== DATA SECTION

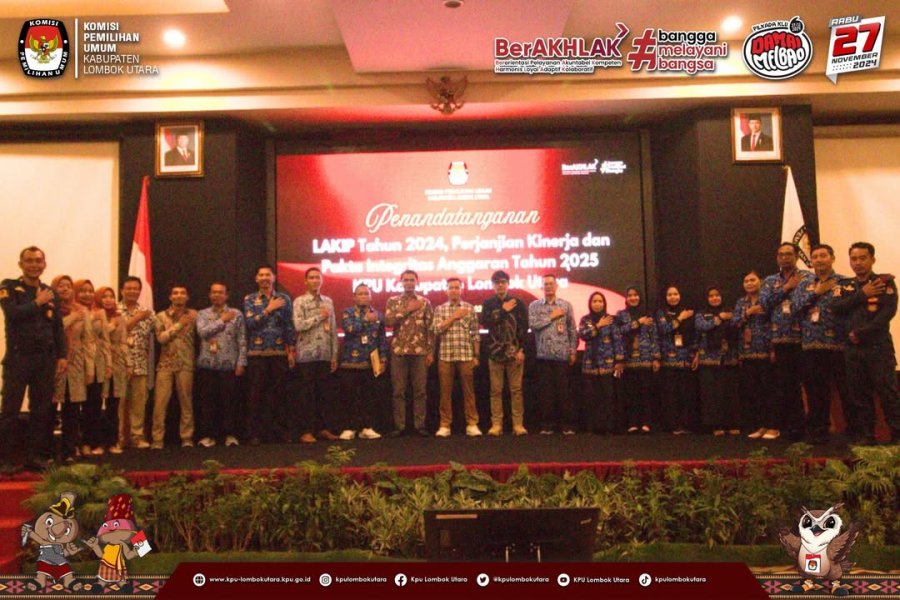 Pada kesempatan yang sama, dilaksanakan serah terima LAKIP tahun 2024, Perjanjian Kerja dan Pakta Integritas oleh Sekretaris KPU Lombok Utara Lalu Adyar Rosishi Aswandi Kepada Ketua KPU Lombok Utara sekaligus ditandatangani oleh seluruh jajaran pejabat struktural KPU Lombok Utara.
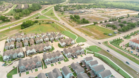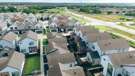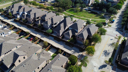Aerial view large two story houses with small front yard and backyard in North Texas, America. New development neighborhood with single roofs townhome with parked cars on narrow street
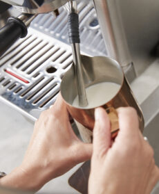 Montate il latte con la lancia della macchina espresso, oppure scaldatelo fino a 60-65° (senza farlo bollire) e montatelo con un frustino elettrico da cucina o una frusta a mano fino a ottenere una schiuma morbida.
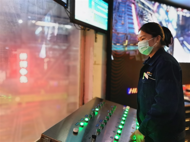 炼钢厂5号连铸机推钢室内,推钢工常海燕正在按动操作台上的按钮,一根根火红的钢坯通过台下辊道,然后在快速重载辊道上飞速前进 太阳集团手机版,自直轧项目投运以来,推钢工们每班都要打起十二分的精神,她们需要眼观六路,耳听八方,电子屏上显示的轧钢要钢信息,钢坯温度合格率,钢坯支数等信息要随时盯紧;钢坯输送辊道,推钢机,挡板的操作及记录的书写,必须准确无误,这对推钢工们来说都是不小的考验,她们用细心,耐心,恒心完成每一次任务。

====

PROBLEM REQUIREMENTS:
Word for word, give the data above again, without any images.

RESPONSE BOX:
 Pada kesempatan yang sama, dilaksanakan serah terima LAKIP tahun 2024, Perjanjian Kerja dan Pakta Integritas oleh Sekretaris KPU Lombok Utara Lalu Adyar Rosishi Aswandi Kepada Ketua KPU Lombok Utara sekaligus ditandatangani oleh seluruh jajaran pejabat struktural KPU Lombok Utara.
Aerial view large two story houses with small front yard and backyard in North Texas, America. New development neighborhood with single roofs townhome with parked cars on narrow street
 Montate il latte con la lancia della macchina espresso, oppure scaldatelo fino a 60-65° (senza farlo bollire) e montatelo con un frustino elettrico da cucina o una frusta a mano fino a ottenere una schiuma morbida.
 炼钢厂5号连铸机推钢室内,推钢工常海燕正在按动操作台上的按钮,一根根火红的钢坯通过台下辊道,然后在快速重载辊道上飞速前进 太阳集团手机版,自直轧项目投运以来,推钢工们每班都要打起十二分的精神,她们需要眼观六路,耳听八方,电子屏上显示的轧钢要钢信息,钢坯温度合格率,钢坯支数等信息要随时盯紧;钢坯输送辊道,推钢机,挡板的操作及记录的书写,必须准确无误,这对推钢工们来说都是不小的考验,她们用细心,耐心,恒心完成每一次任务。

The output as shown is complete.